Analysts and investors, who had eagerly awaited those comments, have pushed Wal-Mart to rein in U.S. expansion plans as sales growth at its existing stores, known as comparable store sales, has slowed and it has saturated several markets.
"Given the underperformance of Wal-Mart's U.S. store base, this strategy should help improve performance through less cannibalization, more capital for reinvestment in existing stores, and increased selectivity in new store openings," wrote Wachovia analyst Peter Benedict. He raised his rating on Wal-Mart stock to "outperform" and its valuation range to $56 to $60 a share from $53 to $54 a share.
JP Morgan analyst Charles Grom said that following Wal-Mart's capital reallocation announcement, "we think it's reached an inflection point that is too hard to ignore."

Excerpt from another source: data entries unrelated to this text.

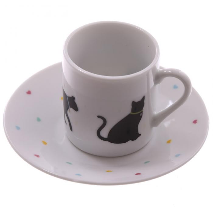 Vous aimez les animaux ? Avec ce set de 2 tasses à expresso au décor de chat et de coeur, vous pourrez boire votre café en compagnie de votre chat et lui déclarer votre amour...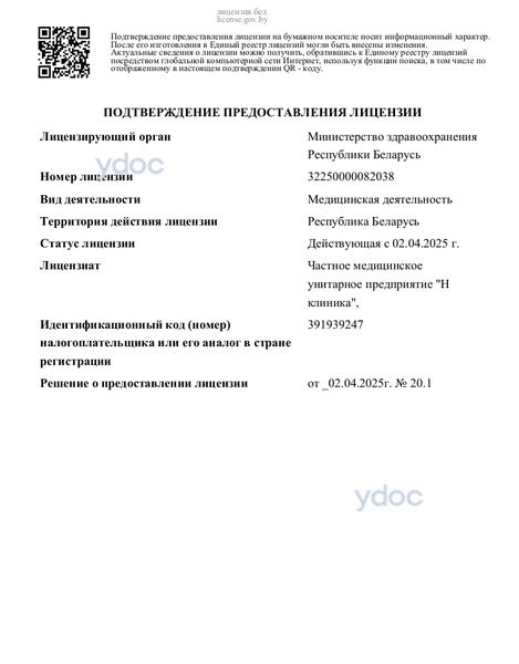 «Н Клиника» в Витебске предоставляет медицинские услуги по основным направлениям: гинекологии, дерматологии, кардиологии, а также инструментальной и функциональной диагностике. В штате работают специалисты с профильным образованием — акушер-гинеколог, дерматовенеролог, кардиолог, врачи ультразвуковой и функциональной диагностики. Клиника оснащена современным оборудованием, позволяющим проводить точные исследования. Диагностика и лечение строятся на стандартных медицинских протоколах с учётом индивидуальных особенностей пациента. Деятельность ведётся на основании лицензии, соблюдаются требования к санитарному контролю. Приём пациентов проходит в будни с 9:00 до 21:00 и в субботу с 9:00 до 18:00. Предусмотрена предварительная запись для сокращения времени ожидания.
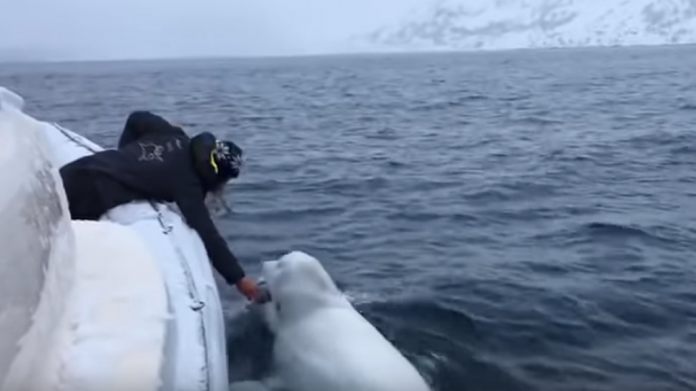 “Alone, malnourished, and injured, [Hvaldimir] roams the seas, seeking food & attention from people.”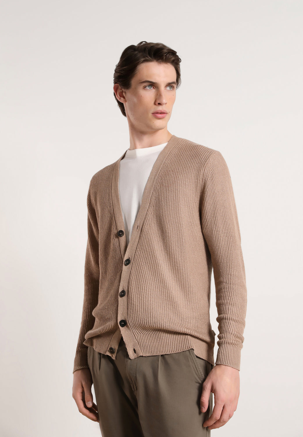 Cárdigan fino con tejido de canalé.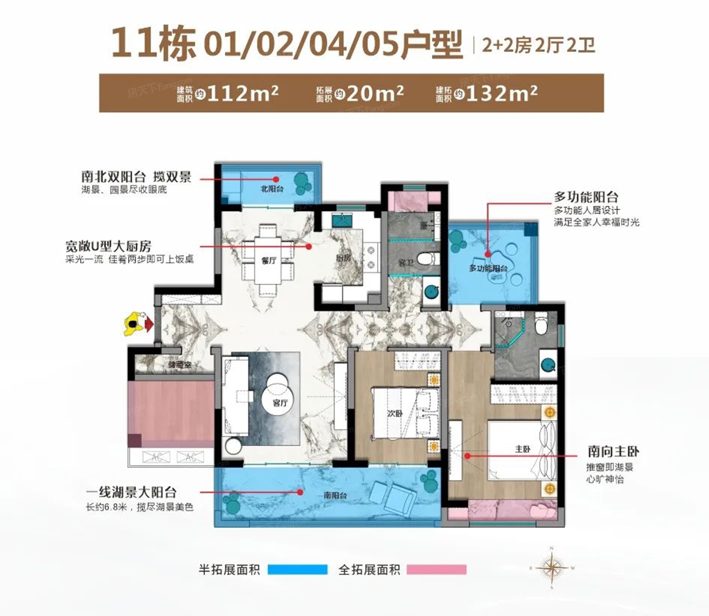 2室2厅2卫开元·西湖春天 平层户型·建面/112㎡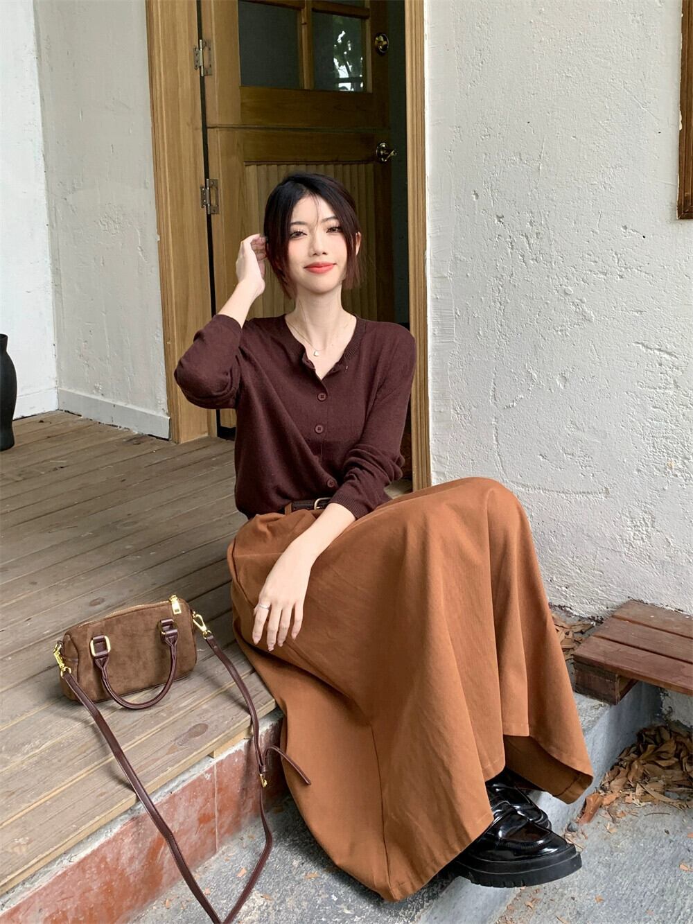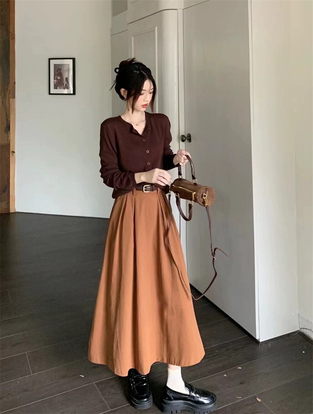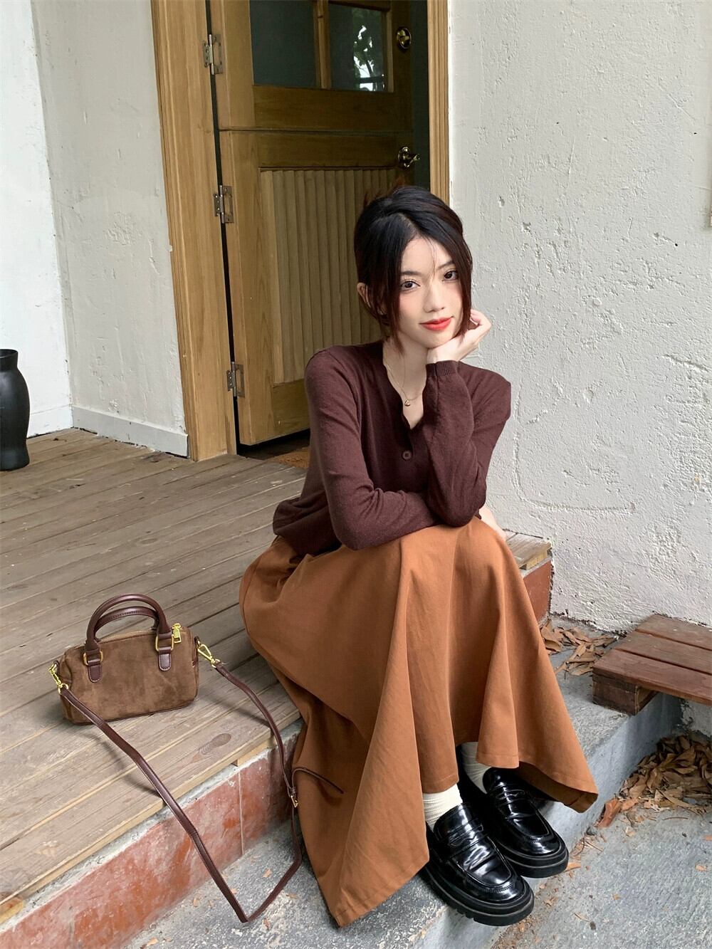 色:モカブラウンのカーディガン,キャラメルスカート(ベルトは付属しません),ブロガー募集オーダー

"All in, we see a lot of pent up demand to own the stock and Friday's move should serve as the catalyst for some triggers to now be pulled," Grom wrote. He raised his rating on its stock to "overweight."
Supermarket stocks rallied following Wal-Mart's announcement on Friday, and its own stock, which has fallen 23% since Lee Scott was named chief executive in 2000, rose more than 4%.
HSBC also raised its rating on Wal-Mart to "overweight" citing "value investor attraction."